Sometimes it's hard to tell what came first - the Gastroparesis or the weight loss and being malnourished! If her gastric emptying improves when she gains weight, then you can safely say that it was probably due to being malnourished.

If she is SO picky that you think it might have caused her Gastroparesis, I would suggest seeing both a feeding therapist and a psychologist.
 
Same here
We were told it would work right away and it does
30 minutes prior to a meal on an empty stomach
He can take it up to four times a day
It has to be liquid not pills to work
No need to wait for it to work
We use ees granules
Works better than erypred
But only good for ten days so always getting refills and needs refrigerated
 
We also used EES granules - it's the bright pink liquid. We used Eryped too and had the same experience - didn't work as well and it tasted horrible according to my daughter.

It was a bit of a pain because it was only good 10 days, whereas Eryped lasts 30 days (I think - can't quite remember).
 
Thank ya'll. I talked to the doctor and you were right Maya, 30 minutes before meals. I had to go through an act of Congress just to get the pills (which when I took them 10 years ago only cost $10 and her script was over a thousand dollars! Thank goodness with insurance her copay was only $40) but she said she can tell a difference.


It's hard to say if it's her pickiness that made her this way as she has ALWAYS had stomach issues. And I had been giving her alternative foods to eat. The last year has been the worst.


I had asked the doctor about the pill cam when we talked about the MRE and he pushed for the MRE. We had to reschedule her pediatric appointment for Friday so as soon as I get that bloodwork in if it says her inflammation points are still high (she hasn't had bloodwork since 1/2016! When the scopes came back fine he said she didn't need any more bloodwork) then I am going to demand the pill cam. Problem is that she complains about some of her joints(never swollen, they just hurt, like mine, she also has psoriasis so I wonder if she has the Psoriatic Arthritis also)so I don't know what I should have her tested for.
 
We also found that the liquid version of Erythromycin worked MUCH better than the pills for my daughter.

In terms of joint pain, when do her joints hurt? Morning stiffness and pain that gets better with movement and worse with rest are signs of inflammatory arthritis. For example, kids with arthritis often have trouble sitting through a movie or sleeping.

You don't necessarily have to have swollen joints to have arthritis, but they can be swollen/warm/red. Any joint could be affected, but in kids, it usually starts with the knees/hips/ankles/heels.

Which joints hurt? If she does have arthritis, that could explain the high CRP.

Both my girls have juvenile spondyloarthritis, which is very similar to psoriatic arthritis and is associated with IBD.

If you suspect arthritis, she needs to see a pediatric rheumatologist.
 
She actually has told me that the pill form is working great. Tonight she ate 3 tacos at dinner! With no pain!


She complains about back pain and her ring finger on her left hand being in pain. She said when she runs her knee pops sometimes and then hurts her (which isn't often because she isn't very active due to the stomach pain).

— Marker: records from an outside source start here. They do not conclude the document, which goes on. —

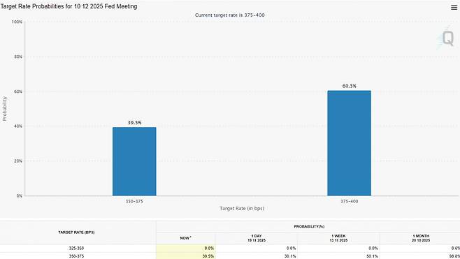 시카고상품거래소(CME)의 Fed워치 시장에서는 12월 금리 인하 기대가 어제 30%에서 9월 고용 발표 이후 39%까지 높아졌습니다. 하지만 여전히 50% 이하입니다.
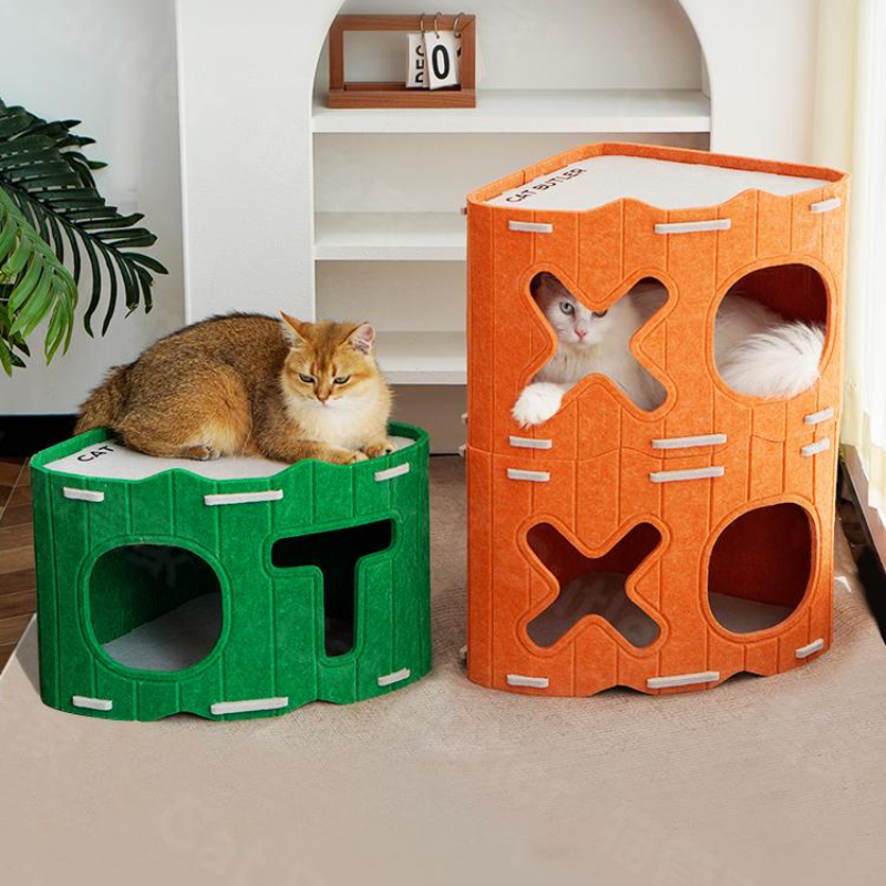 Transform your home into the ultimate feline sanctuary with our Felt Cat Bed Stackable Tree House. Designed with both your cat's comfort and your aesthetic in mind, these premium stackable beds create a customizable retreat that grows with your pet's needs. The durable felt construction provides warmth and security, while the innovative stacking design maximizes vertical space—giving your beloved companion multiple levels to explore, rest, and claim as their own. Don't settle for ordinary cat furniture when you can provide a versatile hideaway they'll actually use.
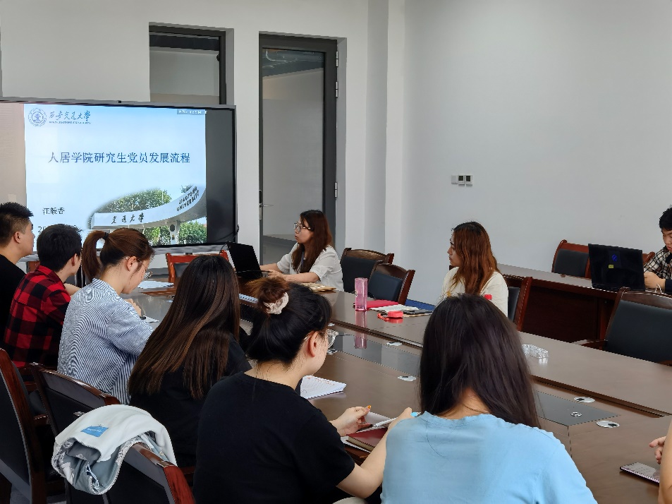 5月19日下午,js33333金沙线路检测分党委秘书汪毅香为全体发展对象、部分研究生党支部支委代表作了《研究生党员发展流程》讲解报告,帮助同志们充分解入党规程。汪毅香强调,全体同志要高度重视党员发展流程的规范性,发展对象要自觉执行,各党支部要严格把关,有效落实《中国共产党党员发展细则》及《陕西省发展党员工作规程》,从发展过程中提高思想觉悟、坚定理想信念。
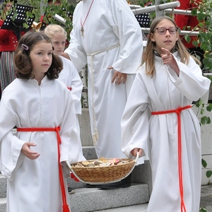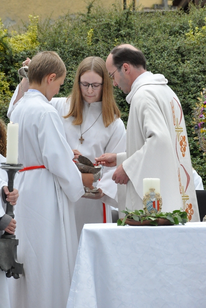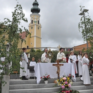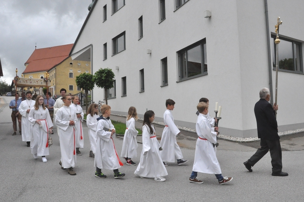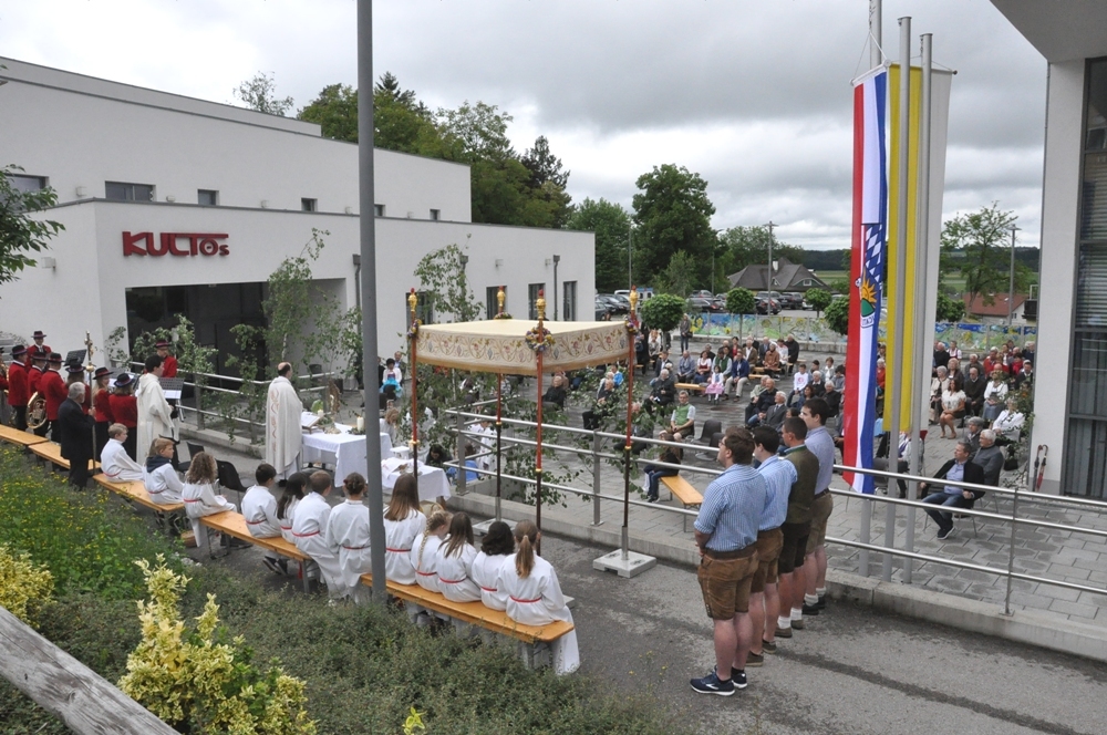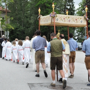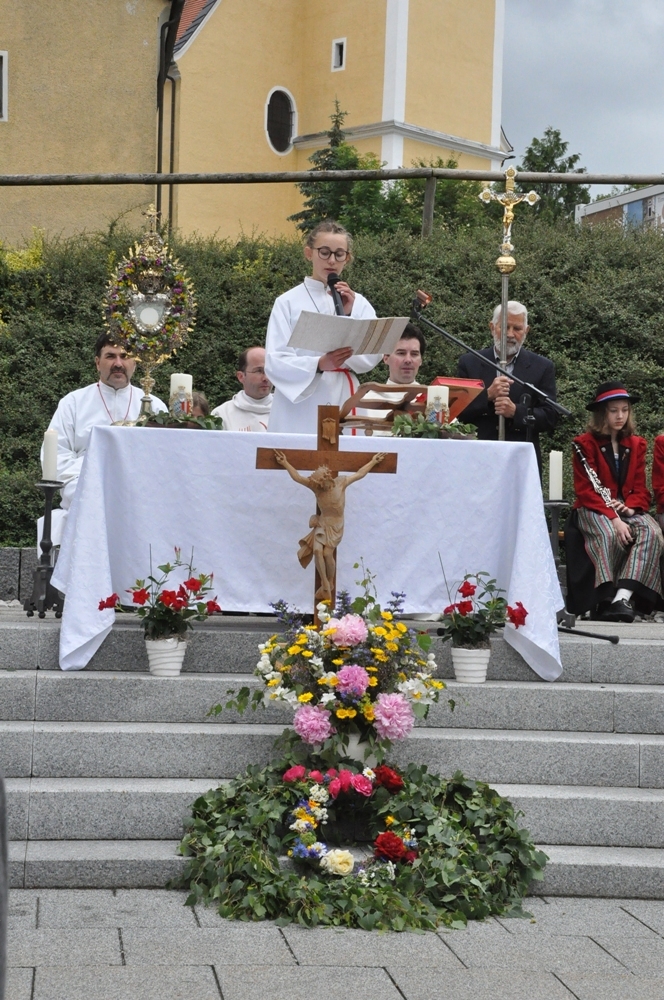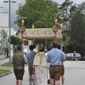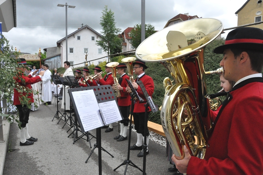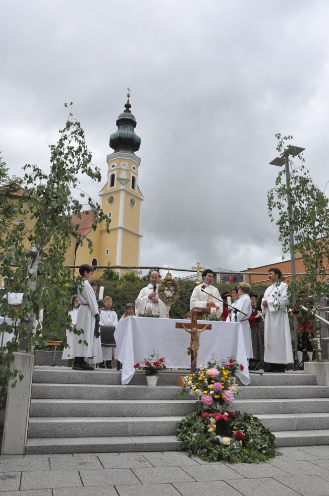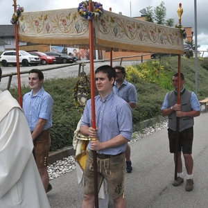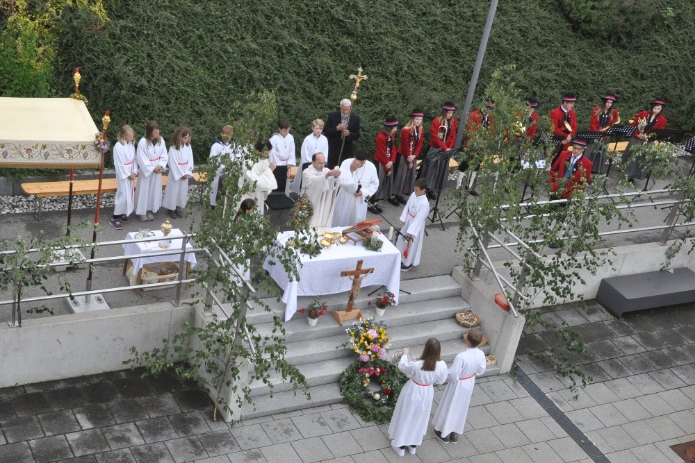 Trotz wolkenverhangenen Himmels fiel kein Tropfen Regen und der eucharistische Segen mit unserer so wertvollen, heuer erstmals auch mit einer bunten Blumengirlande zusätzlich geschmückten Monstranz bildete wohl den Höhepunkt unseres Feierns!
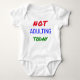 "NOT ADULTING TODAY" is the humourous text on this baby bodysuit. It has bright red, blue and green colours, and a doodled face on the 'O' of NOT.
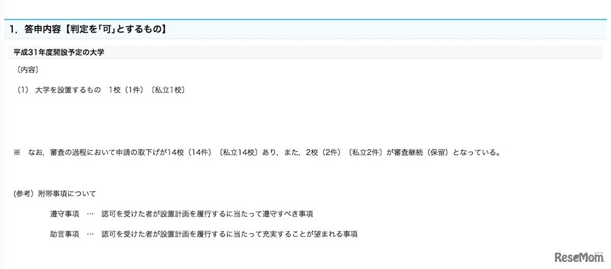 文部科学省は2018年10月5日、平成31年度(2019年度)開設予定の大学の設置に係る答申について公表。2019年度に開設される専門職大学は、専門職短期大学や専門職学科を含む17件の諮問がなされたが、認可を受けたのは高知リハビリテーション専門職大学1校のみだった。
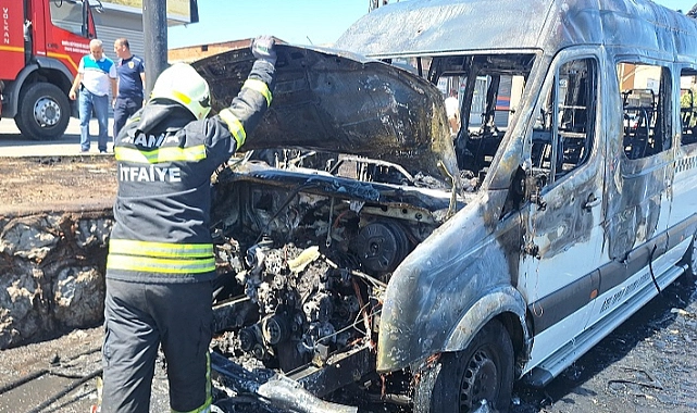 Manisa'nın Turgutlu ilçesinde alev alan yolcu minibüsü, kullanılamaz hale geldi.
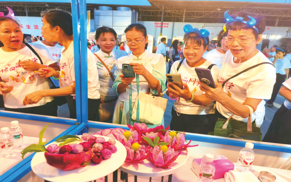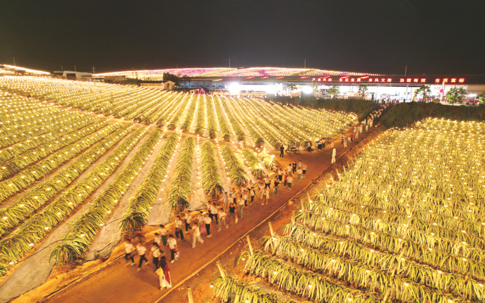 “眼睛和味蕾都忙不過來?!庇慰屠钆空f,萬畝火龍果燈海突然亮起,好像星河墜落人間,十分震撼。她忍不住拿出手機拍個不停,每一張都是氛圍感大片。水果美食展位更讓人驚喜,連空氣里都飄著讓人開心的甜意。
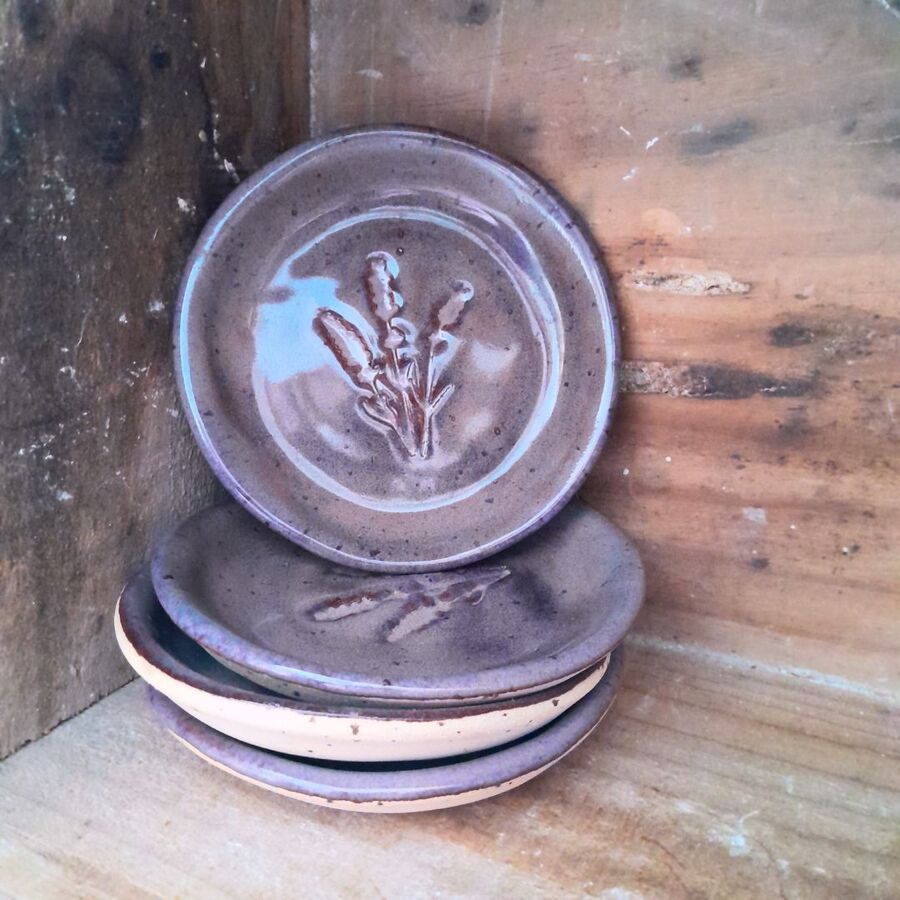 Stoneware dish with Lavender Stamp10cm diaPerfect as a jewellery, spoon, anything dish
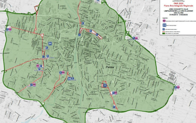 Possono circolare: veicoli benzina Euro 3 o superiori; veicoli diesel Euro 5 o superiori; cicli e motocicli Euro 2 o superiori. Le auto potranno raggiungere i parcheggi scambiatori: via Emilia Ovest, via Traversetolo-Esselunga (parcheggio scambiatore Sud – Est), Cavagnari, Palasport e Via Confalonieri. Inoltre è possibile accedere con auto soggette al divieto anche ai due parcheggi coperti del Duc – Direzionale Uffici Comunali, da viale Mentana, ed all’attiguo Dus, da viale Fratti – che saranno, quindi, percorribili. A questi si aggiungono i parcheggi scambiatori Nord, Est e Sud, il parcheggio di strada dei Mercati e quello di via Mantova-via Scola. Sarà anche utilizzabile il parcheggio Toschi, raggiungibile solo percorrendo viale Europa, via IV Novembre in entrata, viale Toschi e viale Bottego in uscita e Park Stazione FS via Villa Sant’Angelo. Sarà raggiungibile il parcheggio dell’Ospedale Maggiore di Via Volturno, Via Abbeveratoia, mediante itinerario indicato nel testo del provvedimento. Sarà inoltre raggiungibile il parcheggio di Viale della Villetta attraverso Strada Farnese e Viale della Villetta e il parcheggio di Piazza Lago Santo (fronte opposto “Piccole Figlie”) attraverso Strada Farnese,Via Baganza e Via Po. I parcheggi scambiatori in città sono 8 e gli autobus che li collegano si muovono su tre assi: Nord – Sud, Sud est – Sud Ovest e Est – Ovest.
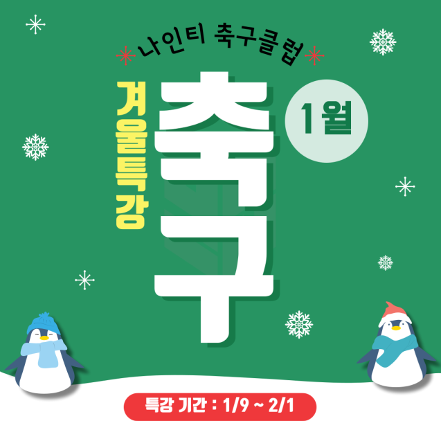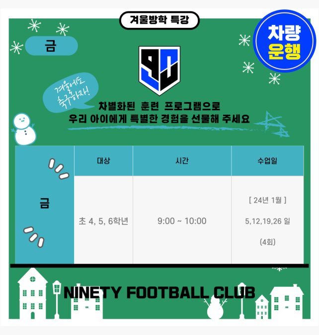 주로 오전 시간대에 특강축구교실이 시간이 편성되어 있으므로, 공교육 교육 부재 시간대에 즐겁게 축구하며 겨울방학을 알차게 보내는 시간이 되리라 본다.
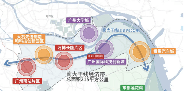 在这片土地上,汇聚了番禺1900余家高薪技术产业,希音、欢聚时代、迪士普等业内巨头在此扎根,共同支撑起番禺经济的腾飞。两大世界级商圈——万博与琶洲的双重辐射,加上广深港澳科技走廊、广州科技创新轴、南大干线经济带三大科创轴的交汇,让这里成为了城市发展的强劲引擎。
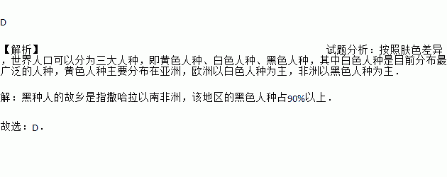 D 【解析】试题分析:按照肤色差异,世界人口可以分为三大人种,即黄色人种、白色人种、黑色人种,其中白色人种是目前分布最广泛的人种,黄色人种主要分布在亚洲,欧洲以白色人种为主,非洲以黑色人种为主. 【解析】 黑种人的故乡是指撒哈拉以南非洲,该地区的黑色人种占90%以上. 故选:D.
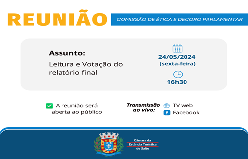 No plenário da Câmara de Salto, Comissão de Ética vai realizar a leitura e votação de relatório final sobre denúncia de importunação sexual
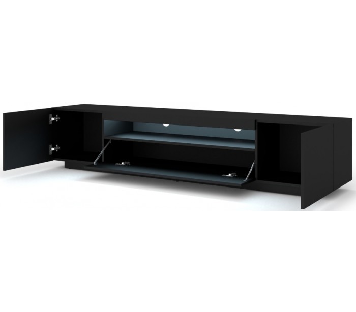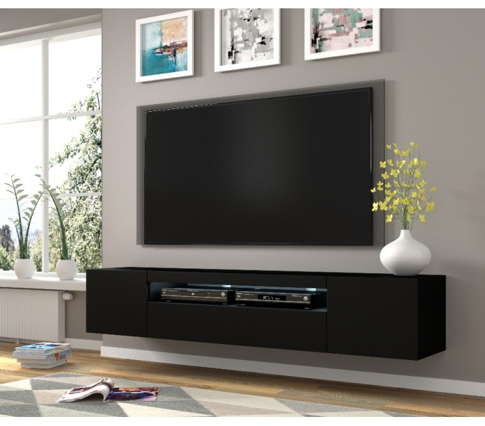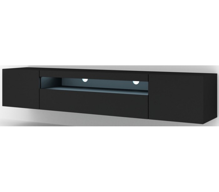 Aura tvbord udført i et design af mat sort møbelplade. Tvbordet måler 36 - 42 cm i højden og 200 x 37 cm i bredde og dybde. Tvbordet indeholder 3 skabe, hvert med 1 hylderum. Hertil 1 åbent hylderum. Tvbordet kan enten stå på gulvet, eller hænges op på væggen. Højden ved væg er 36 cm og på gulv, 42 cm. Åbent hylderum er 100 cm i bredden og 8 cm i højden.

Now her sister(the Crohnie) has was complaining of severe knee pain over a year before her Crohn's diagnoses and the orthopedic doctor admitted to grasping at straws because he said the only problem he seen was a small issue with her growth plate which would correct itself as she grew up. Well she is still complaining(3 years later) and some days it's bad. She also complains of stiffness and being sore all over. Neither girls have redness or swelling.


I'm going to call the Nemours Clinic tomorrow and see about getting them in to see a rheumy there.
 
I still strongly recommend liquid erythromycin
Please talk to your doctor
Pills are not the standard for gastroparesis
 
Where is her back pain? Lower back or upper back?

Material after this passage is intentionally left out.